If you come across this issue and just wonder how to work around it, one can use slices instead of arrays for this code.

The diff for the reproducing code is like this, and then it compiles reasonably quickly (20 seconds) in release mode:

diff --git src/main.rs src/main.rs
index 6a6d2a3..69be593 100644
--- src/main.rs
+++ src/main.rs
@@ -8,7 +8,7 @@ fn main() {
 }

 fn gen_adj(alpha:&String) -> String {
-    let list_of_adj = [
+    let list_of_adj: &[&str] = &[
         "a-ok",
         "a-okay",
         "a-one",
@@ -21268,7 +21268,7 @@ fn gen_adj(alpha:&String) -> String {
 }

 fn gen_noun(alpha:&String) -> String {
-    let list_of_noun= [
+    let list_of_noun: &[&str] = &[
         "a'man",
         "a-bomb",
         "a-horizon",

The original code was using very large arrays, while using a static literal slice works just as well for the use case.

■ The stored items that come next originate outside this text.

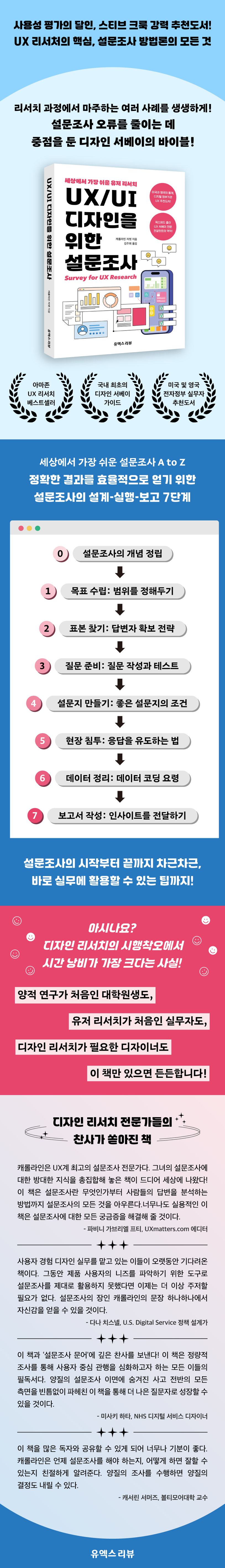 이 책은 통계적 지식이 필요하고 많은 시행착오를 유발하여 늘 어렵게 여겨졌지만 사용자의 니즈를 파악하기 위한 도구로 가장 널리 활용되는 설문조사가 어려웠던 디자이너, 리서처, 그리고 대학원생들에게 특히 도움이 될 것이다. 설문조사의 기초 개념 정리부터 사람들의 답변을 적절히 구하고 분석하는 방법까지 모든 것을 다루면서도 UX 디자인과 디자인 리서치 실무에 관한 사례를 광범위하게 제시함으로써 디자인에 최적화된 참고서라고 자부한다. 특히 더욱 쉽고 명쾌한 학습을 위해 일명 ‘설문조사 문어’를 보여준다. 설문조사의 전 과정에서 내리는 선택을 추적하기 위해 설문조사 문어의 촉수를 인용해 설명하는데, 마치 캐릭터가 움직이며 단계 단계를 안내하듯 설문조사 방법, 오차 등 책의 각 부분을 자연스레 연결해 주어 유기적인 이해를 돕는다.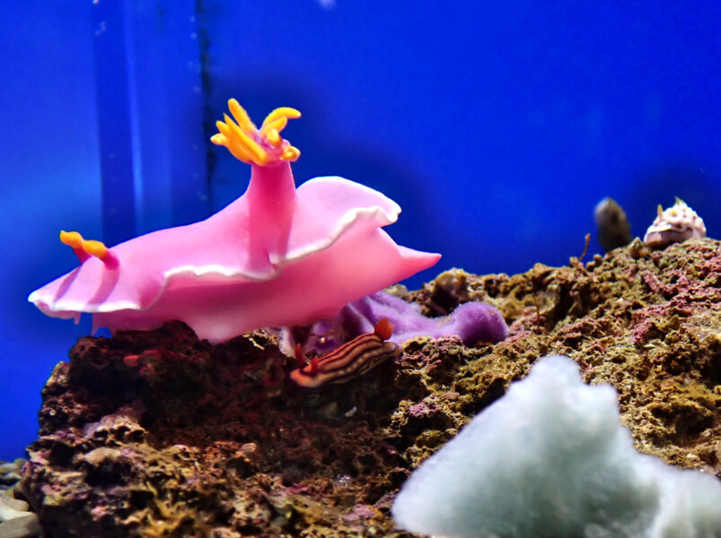 ウミウシ展示も必見。ウミウシは巻貝の仲間で軟体動物の一種ですが、生態はよく分かっておらず、何を食べるのかが不明な種が多いそう。
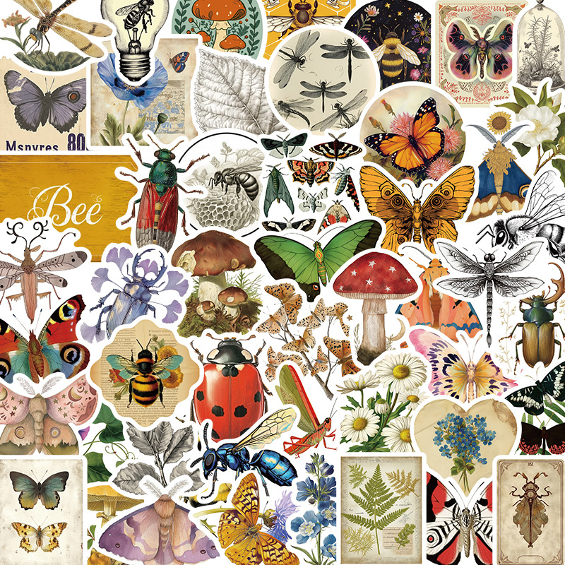 50枚レトロ昆虫学ステッカー植物彩色絵手帳素材携帯電話ノートコップ装飾防水ステッカー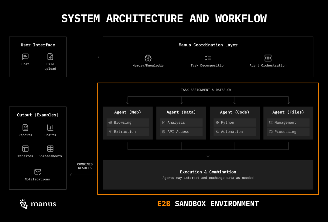 Manus 使用多 agent 架构,其中包括一个负责分配任务的规划器(planner),一个负责回顾对话并决定哪些内容应该保存到文件系统中的知识管理器(knowledge manager),以及一个执行由规划器分配任务的执行子 agent。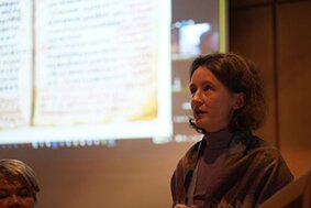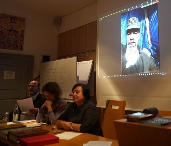 Незвичайна тим, що три доктори наук, які брали участь в дослідженнях рукописів, факсимільні копії яких ми привезли в Німеччину – наразі на фронті. Але нам вдалося почути Віктора Мойсієнка, доктора наук, історика мови, а нині – сержанта мінометного розрахунку, який підключився в режимі відеозв'язку прямо з передової. На виступ професора була особливо бурхлива реакція студентів і професорів, українців і німців.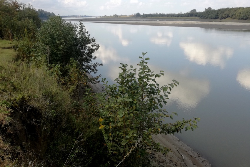 Das Ufer des Rioni, auf der gegenüberliegenden Seite befinden sich ausgedehnte Schlammflächen, die etwa für Limikolen interessant sind.

oli-obk commented 6 years ago

The array was not const promoted I presume, while the slice is. Thus LLVM is trying to cope with a gigantic stack allocation.

steveklabnik commented 4 years ago

An update two and a half years later. This includes building dependencies:

❯ rustc +nightly --version -v
rustc 1.48.0-nightly (e2be5f568 2020-09-09)
binary: rustc
commit-hash: e2be5f568d1f60365b825530f5b5cb722460591b
commit-date: 2020-09-09
host: x86_64-pc-windows-msvc
release: 1.48.0-nightly
LLVM version: 11.0
❯ cargo +nightly build
<snip>
    Finished dev [unoptimized + debuginfo] target(s) in 8m 42s
❯ cargo +nightly build --release
<snip>

... so actually I think that this got worse. I left it running for the past 8 hours, overnight, and it shows no signs of stopping. THis is on my pretty beefy desktop too.